Root exudates in wetland soils – compound diversity and priming effect

Root exudation plays a critical role in the biogeochemical functioning of wetlands, influencing nutrient cycling, shaping both plant-plant and plant-microbe interactions and affecting soil organic carbon (SOC) decomposition via priming effects. We showed that contrary to most observations in aerated upland soils, glucose inputs can induce strong negative priming effects on anoxic peat. This finding yields important implications for the stability of the vast organic carbon reserves in global wetland soils. However, root exudation dynamics are complex, and the biogeochemical implications of the hundreds of diverse compounds released from roots remain elusive.

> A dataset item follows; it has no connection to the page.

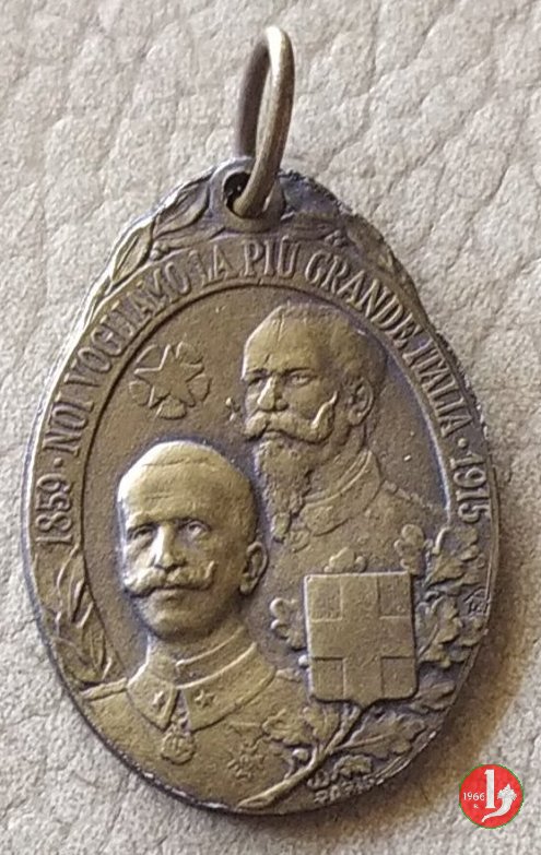 Noi vogliamo la piú grande Italia Dritto: 1859 • NOI VOGLIAMO LA PIU' GRANDE ITALIA • 1915 busti semi-sovrappisti di Vittorio Emanuele II e III in uniformi e decorazioni, entrambi con il collare della SS: Annunziata in basso, a sx: rami d'alloro in basso, a dx: Stemma Savoia su ramo di quercia a dx: monogramma in basso: PARIS | |

Here we present 1) a meta-analysis compiling data on wetland plant root exudates, focusing on both fluxes and compound diversity, and 2) preliminary results from incubation experiments simulating the effects of a typical wetland plant exudate composite on SOC decomposition.

Our meta-analysis elucidates the challenges in cross-study comparison of quantitative root exudate data due to methodological heterogeneity as well as the strong effects of environmental, biological and chemical parameters influencing plant traits. We found organic acids to be the primary compound class released by wetland roots, and organic acids have been assessed by the majority of studies. By contrast, few studies assessed the compound classes of sugars, amino acids, and secondary compounds, representing important knowledge gaps in our understanding of wetland-plant-microbe interaction and C cycling. To understand the complex effects of diverse root exudates on wetland SOC cycling, our ongoing incubation experiments compare the priming effect of a wetland plant exudate composite with that of conventionally used single sugar inputs.